At first, investigators thought Eugene had killed an entire family since two of the remains appeared to be female. But neighbors had no memory of anyone going missing, no family, no strangers.

The truth was darker.

Eugene’s victims were young men, aged between fifteen and eighteen. They’d been killed, stripped, and buried in his cellar. No one came looking for them.

Most likely, they were seasonal farmhands Eugene had hired. Transients desperate for work, with nowhere else to call home.


Motive and Mystery: Why Eugene Killed

With Eugene long gone, figuring out why he might have killed those young men is like trying to solve a puzzle with half the pieces missing.
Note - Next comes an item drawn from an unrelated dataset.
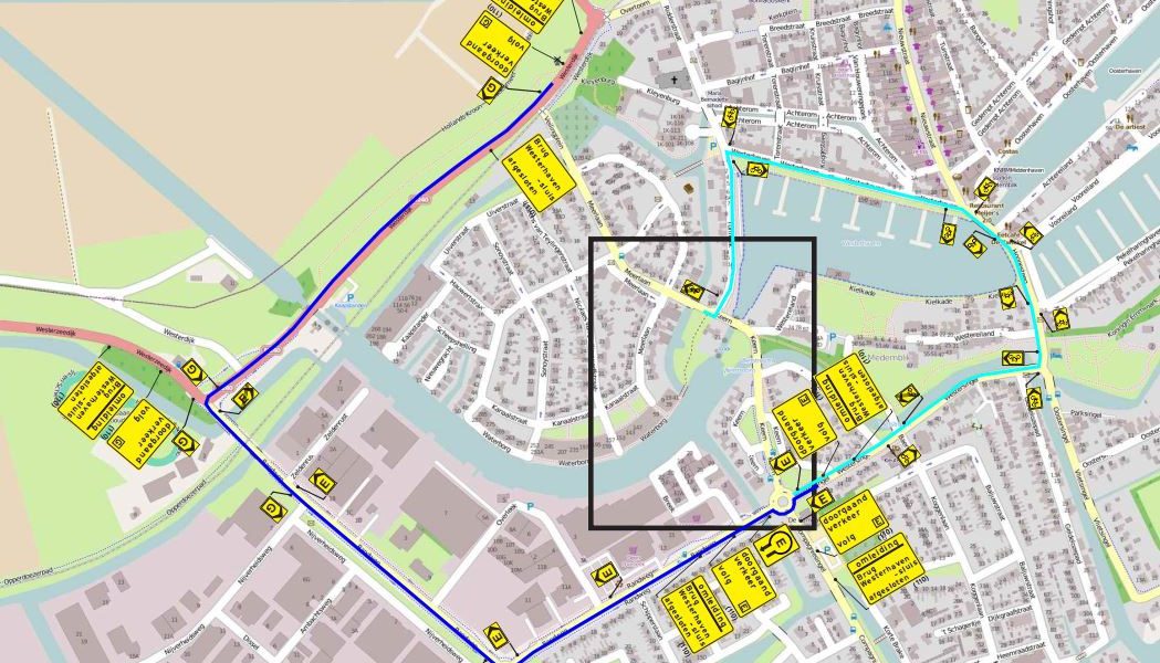 De reistijd kan langer worden. Op het bijgaande kaartje staat de omleidingsroute aangegeven. De bus route wordt ook aangepast. Dit is binnenkort te vinden via www.connexxion.nl/nl/reisinformatie/actuele-reisinformatie.

Money quickly came up as a possible motive. Eugene was notorious for being stingy. He complained about every penny spent and kept large sums of cash hidden around the farmhouse. When authorities searched the place after his death, they uncovered roughly 6,000 dollars stashed away. That’s about 215,000 dollars in today’s money, a small fortune just lying around.

One theory is that the boys, likely seasonal farmhands with little else, might have been tempted to steal from Eugene. If that’s true, he didn’t hesitate to use deadly force.

There is also the possibility that Eugene’s paranoia spiraled out of control. Maybe he saw threats where there were none and killed in a panic or out of fear that cannot be fully understood now.

A more complex theory touches on Eugene’s sexuality. Some believe he might have been struggling with his identity and punished these young men either for tempting him or rejecting advances. Back then, such things were hidden in silence and shame, and it could have added to his turmoil.

Ultimately, none of this is certain. No clear answer has ever surfaced. The motive remains buried beneath layers of mystery, just like the victims themselves.



Lost Victims and Missing Evidence

Identifying the victims proved impossible. Their remains were collected into a box, but several went missing, likely taken by souvenir hunters.

The box and much of the evidence have since disappeared.

In 2016, the Grand Forks County Sheriff’s Department made a public appeal for new leads or information, showing this case still haunts the community.